EL HACEN ELEYATT (Mauritania) said that his country had made significant progress in implementing the Sustainable Development Goals through enhanced policies and approaches to manage public business. That had resulted in increased investments and amended legislation to provide legal safeguards in a more transparent framework. Mauritania endeavoured to establish numerous national development programmes. To enable access for young people, the Government financed microprojects and encouraged productive enterprises and employment. Women had greater access to senior employment positions, and took major roles in society and State, with elected women receiving access to training programmes to improve performance and productivity. The Government did its utmost to facilitate women’s access to financing through a national development fund. Mauritania had made significant progress in health that had resulted in a decrease in women and children’s mortality rates, as well as deaths caused by HIV/AIDS. The Government also reformed the judiciary to encourage greater transparency. Due to its geographical location, Mauritania suffered from climate change and in response, adopted an approach to integrate environmental and sustainable economic development issues. The country would continue to work with its neighbours to address climate change; however, it requested additional support to help fulfil their commitments.

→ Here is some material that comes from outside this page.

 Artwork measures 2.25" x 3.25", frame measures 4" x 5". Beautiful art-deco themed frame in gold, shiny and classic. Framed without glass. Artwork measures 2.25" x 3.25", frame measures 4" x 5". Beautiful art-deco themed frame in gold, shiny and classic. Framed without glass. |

ISATA KABIA (Sierra Leone), associating herself with the Group of 77, the Group of Least Developed Countries and the African Group, said millions of people in least developed States continued to live in extreme poverty and the international community’s focus should remain on freeing humanity from those shackles “as a matter of urgency”. Sierra Leone had linked its “Third Poverty Reduction Strategy” and “Agenda for Prosperity” to the 17 Sustainable Development Goals, with the aim of achieving middle-income status by 2035. Like many other fragile and post-conflict countries, Sierra Leone had worked to consolidate its hard-won peace despite not being fully able to achieve the Millennium Development Goals. Noting the need for adequate sources for conflict-affected countries — especially for a long-term, stable and predictable flow of financing — she said the continued role of international development cooperation and ODA “cannot be overemphasized”.

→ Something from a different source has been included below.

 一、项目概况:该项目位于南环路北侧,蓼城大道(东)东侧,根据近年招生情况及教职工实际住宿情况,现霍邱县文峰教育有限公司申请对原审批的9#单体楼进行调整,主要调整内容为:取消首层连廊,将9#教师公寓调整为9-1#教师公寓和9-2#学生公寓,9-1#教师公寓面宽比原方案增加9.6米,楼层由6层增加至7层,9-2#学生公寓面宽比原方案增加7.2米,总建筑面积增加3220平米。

MIRGUL MOLDOISAEVA (Kyrgyzstan) said that her country had presented a report in 2017 on the Sustainable Development Goals, and was honouring its commitments at the national level. Under the Vienna Programme of Action for Landlocked Developing Countries for the Decade 2014-2024, attention was given to transform Kyrgyzstan through large-scale projects, including infrastructural and energy projects. The country’s national strategy for sustainable development would include indicators and reflect remaining challenges. The national “Taza Koom Project” sought to transform Kyrgyzstan with a people-centred, modern governance model. Climate change had significant impact on all sectors. As numerous uranium plants were located along waterways, she expressed concern over the risk of river pollution which could result in a major humanitarian and environmental disaster in Central Asia. The General Assembly had recognized that danger in various resolutions; however, efforts would be needed to recondition the uranium facilities. She also expressed alarm at the swift melting of glaciers in the region and environmental threats that impact biodiversity, such as threats relating to the decrease of snow leopards.